What “truly” enable(s) “reasoning”?

is CoT, reasoning?

DeepSeek-R1 dropped a bomb, almost perfectly dethroned o1 with much lesser cost during training. Inference price is quite comparably cheap too.
They claimed the stronger reasoning model R1-Zero was trained using RL with “handcraft” rule-based reward: accuracy and format rewards.
A good reward model for any deep / large scale RL system is hard to come by and trained for.
“Accuracy and format”. Sounds simple enough.
- Accuracy reward is grounded by “facts”, either mathematical or real-world-common truth.
- Format reward is enforce the whole system to include the “reasoning” pattern: <think>...</think>.
Then the whole RL training pipeline is simply a GROP using this pre-trained (pre-defined) reward model (along with a reference model) to refine the token generator, a policy model. (?)

I wonder if this is truly how we train ourselves to “reason”.
- Accuracy, for sure; when we solved a maths quiz, we are happy.
- Format, luring out tokens that could maximise the long term probability of scoring a higher Accuracy reward by stringing out more <think> tokens?
  - In this way, does reasoning have to be performed within the context window?
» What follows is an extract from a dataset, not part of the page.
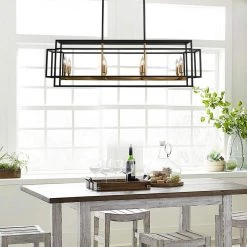 This classic 4-Light pendant light features a metal caged frame of negative space with exposed bulbs that illuminate from within the center. The shape of the fixture is inspired by iconic street oil lanterns. The pendant light suspends from a chain link that is adjustable to allow the fixture to hang in different height from your ceiling.
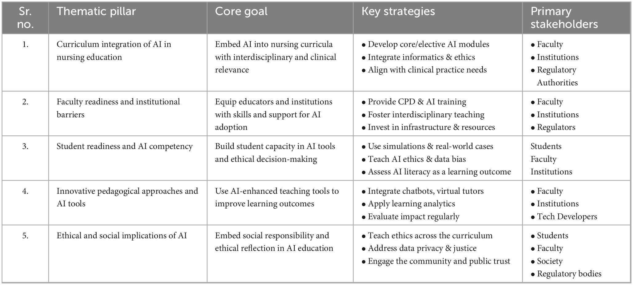Collectively, five themes present a cohesive narrative demonstrating that AI integration in nursing education requires coordinated efforts across curriculum reform, faculty capacity building, student empowerment, pedagogical innovation, and ethical governance. A concise synthesis of the thematic pillars, core goals, strategies, and stakeholders is provided in Table 3, and an operational policy-and-governance blueprint to enact these pillars is outlined in Table 4. This multidimensional approach will ensure that the future nursing workforce is equipped with digital proficiency, ethical sensitivity, and clinical acumen for an AI-driven healthcare environment.

CoT: one of the key techniques that enabled so called LLM “reasoning”.
Statistically speaking, CoT is (approximately) a Bayesian estimator drawing evidence from the examples in the CoT context.
- the statistical error of CoT can be upper bounded by a sum of pre-training error and prompting error
  - prompting error decreases exponentially with the increasing number of demonstrations included in the prompt
Questions:
- (a) What are the statistical estimators constructed by CoT and its variants?
- (b) What are the statistical properties of these estimators?
- (c) How does the transformer architecture enable the LLMs to learn these estimators?
- (d) Does CoT prompting always outperform vanilla ICL?